* Your objective *
Any picture in the range stays out of the copy; retype exactly the lines from the one with "先日、アンチョビママさんに頂" to the end of the listing.

(Data section Opens)

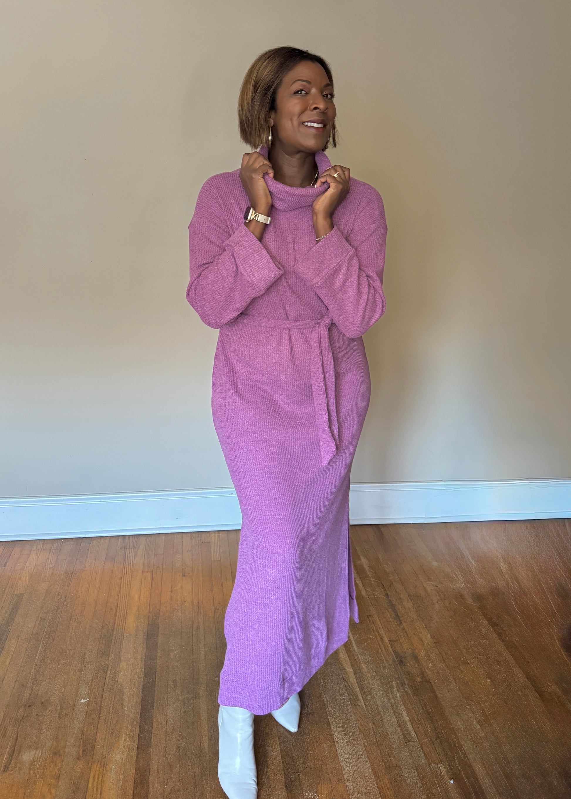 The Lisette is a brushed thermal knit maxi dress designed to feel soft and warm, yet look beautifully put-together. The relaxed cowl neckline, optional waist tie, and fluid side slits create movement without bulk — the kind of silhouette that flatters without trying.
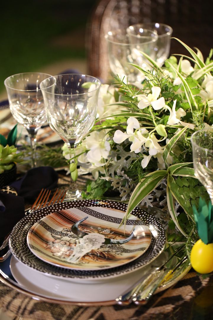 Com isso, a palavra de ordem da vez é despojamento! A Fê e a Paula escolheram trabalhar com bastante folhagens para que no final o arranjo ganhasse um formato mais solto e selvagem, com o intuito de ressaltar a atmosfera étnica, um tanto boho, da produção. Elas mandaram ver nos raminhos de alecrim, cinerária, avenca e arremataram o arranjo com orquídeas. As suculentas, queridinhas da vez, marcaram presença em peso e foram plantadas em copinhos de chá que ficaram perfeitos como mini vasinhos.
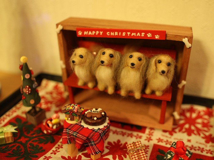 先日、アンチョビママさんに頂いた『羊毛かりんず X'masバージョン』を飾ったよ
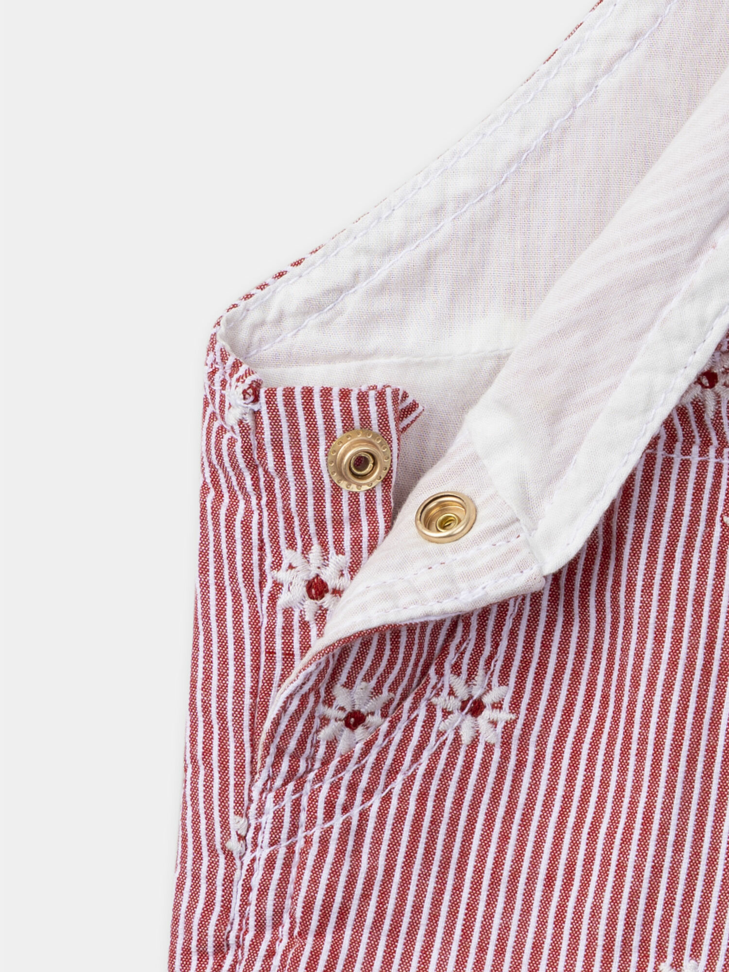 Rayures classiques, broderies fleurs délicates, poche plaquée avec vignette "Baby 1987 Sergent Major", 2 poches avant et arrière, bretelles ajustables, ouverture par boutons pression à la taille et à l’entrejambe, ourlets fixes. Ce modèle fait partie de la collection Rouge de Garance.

(Data section Closes)

* Answer space *
 先日、アンチョビママさんに頂いた『羊毛かりんず X'masバージョン』を飾ったよ
 Rayures classiques, broderies fleurs délicates, poche plaquée avec vignette "Baby 1987 Sergent Major", 2 poches avant et arrière, bretelles ajustables, ouverture par boutons pression à la taille et à l’entrejambe, ourlets fixes. Ce modèle fait partie de la collection Rouge de Garance.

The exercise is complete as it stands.